It is that time of the year when fans are starting to chat about who will get to the World Series. Who cares?, I ask. Why do you say so?, they ask back. Because the World Series is not, in fact, baseball.
Here is the cold hard fact: baseball was developed over a long time, and the symmetry of pitching finesse and batting challenge has become the center of the game. The end of the line-up is associated with easier outs and is stocked (or at least it used to be) with exceptional fielders who were not as good at hitting. So, the symmetry was maintained: teams had to score from the top and hope to scratch something at the bottom. This kept the games close; it made the game interesting for those who like the cat and mouse game of pitching and hitting. (Which is what the game is about.)
Pitchers made their livelihood on knowing they could get batters 7-9 out.
Then along came the nut-cases like Charlie Finley and Bill Veeck, who were into filling stadiums and wearing wild uniforms and turning a well-balanced game into vaudeville or some Barnum and Bailey circus. So, they came up with the silly idea that pitchers wouldn’t have to bat, that there could be designated hitters (like pastors who only preach, or dads who only make money, or kids who just sit around — you see the analogies are evocative). (They also had designated runners — you could run once for someone without taking that someone out of the game.
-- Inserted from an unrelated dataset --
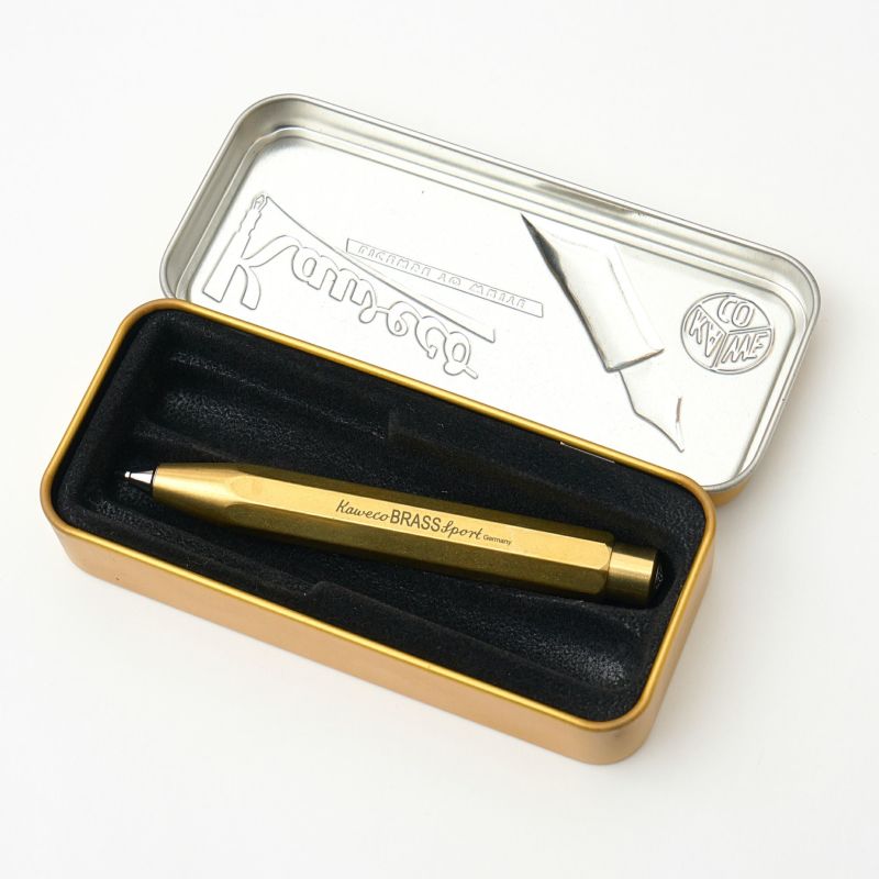 経年変化を楽しめる真鍮製のブラススポーツシャープペンシルです。 ※専用リフィル無し Kawecoは、ハインリッヒ・コッホ(Koch)と、ルドルフ・ウェバー(Weber)により、1883年にドイツのハイデルベルグで創業され、二人の名前からKawecoと名付けられました。 1909年に画期的な技術を取り入れた、安全繰り出し式のセーフティ万年筆を発売したことでも知られています。 また、1930年代に発売された「Kaweco Sport」は、1972年のミュンヘン・オリンピック開催の際に公式ペンとしても認定されました。 「Kaweco Sport」はクラシックなイメージの中に、機能性、携帯性を兼ね備えた製品となっております。 1976年にKawecoは一旦その幕を閉じましたが、1995年にドイツ・ニュールンベルグのグットバレット社により復刻されました。 その後、当時の面影を残した数多くのペンが復刻されています。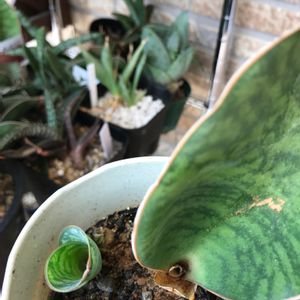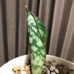 今日届いた斑入り交配種サンスベリア。 見直したらマッソニアと何かの交配種らしいです。 確かに葉が綺麗で少しデカいです^ ^ 来て箱を開けてみて、何やら破損したときの緑の青臭い(独特な匂い)がしたから確認したら1枚葉が取れかけてました。 まぁ、中途半端についていても腐るので取りました(あっさり取れた) 取れた葉は斑が消えるだろうけど勿体無いので葉挿ししてみます(*´ω`*)

That was a bust and they abandoned it.)
Well, having designated hitters ended pitchers hitting and that meant pitchers could throw at batters without worrying about getting hit themselves. (Don’t forget this for it was central to the game.) Then we had players who couldn’t field or throw a lick but who could hit, especially if they injected, long bombs even when the situation called for hitting behind a runner. And fans like home runs, just as they like John Grisham novels. (He did write about baseball, I think, but I’ve never read a word of him.)
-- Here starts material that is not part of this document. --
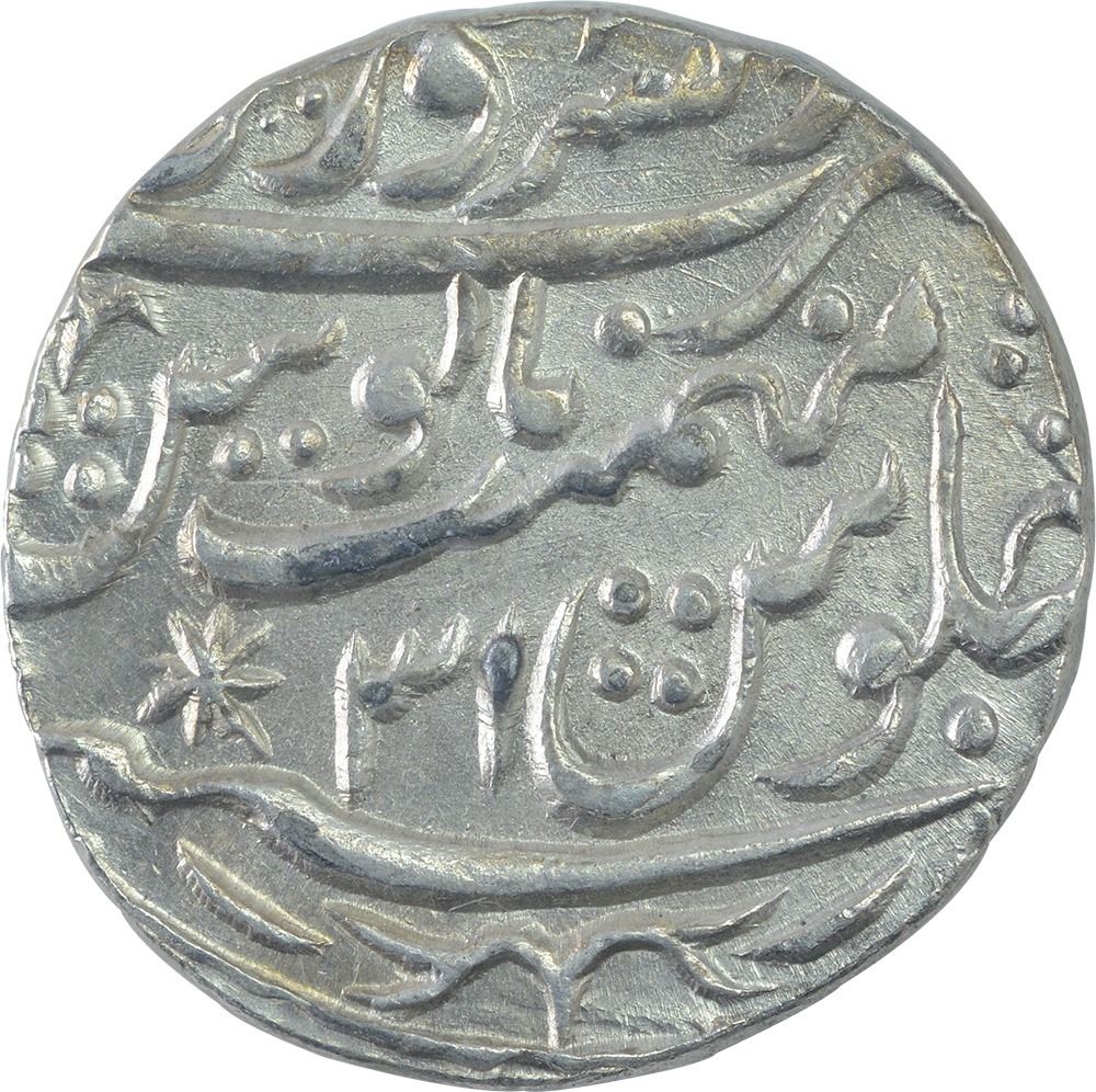 Shah Alam II,Saharanpur Dar-us-Surur Mint, Silver Rupee, AH 1204/31 RY, Obv: saya-e-fazle elahcouplet, Rev: sana julus zarb, left of the RY star mark, 11.20g, 21.68mm, (KM # 675), about very fine.

Then we got Barry Bonds coming up to the plate with armor on so he could stand close enough and pull outside pitches into the water outside the stadium — but he has nothing to do with the American League, so I’m digressing now.
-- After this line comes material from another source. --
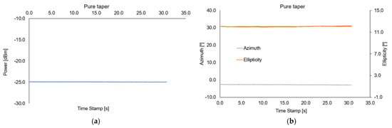 Reference graphs of (a) optical power, (b) azimuth and ellipticity parameters for the tapered optical fiber taper.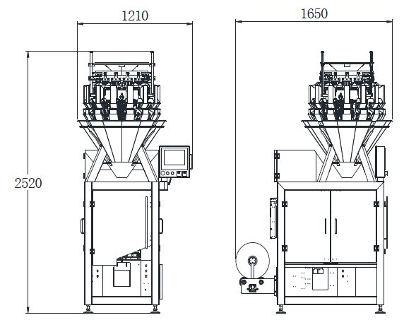 Wymiar maszyny: 1650 x 1210 x 2520 mm [L x W x H]

Back to the DH: it ruined the game and made the American League a game of hitters, where pitchers couldn’t take a break on the mound, where runs were too easily gained (scores sometimes sound like football – which would be another digression).
So, what has it become? Hitball. Not baseball.
Here’s what we have to do:
First, stop calling American League baseball. It is Hitball.
Second, don’t go to their games. Especially the Yankee games.
Third, attend only National League games.
Fourth, and most importantly, see the National League Playoff Series as the real and only World Series.
Fifth, read a newspaper in front of your face when the World Series (the exhibition one) begins. Watch only when they are in a National League park, and laugh at the American League pitchers when they try to hit.
I could say more, but this was way more than I planned. Got to go to class.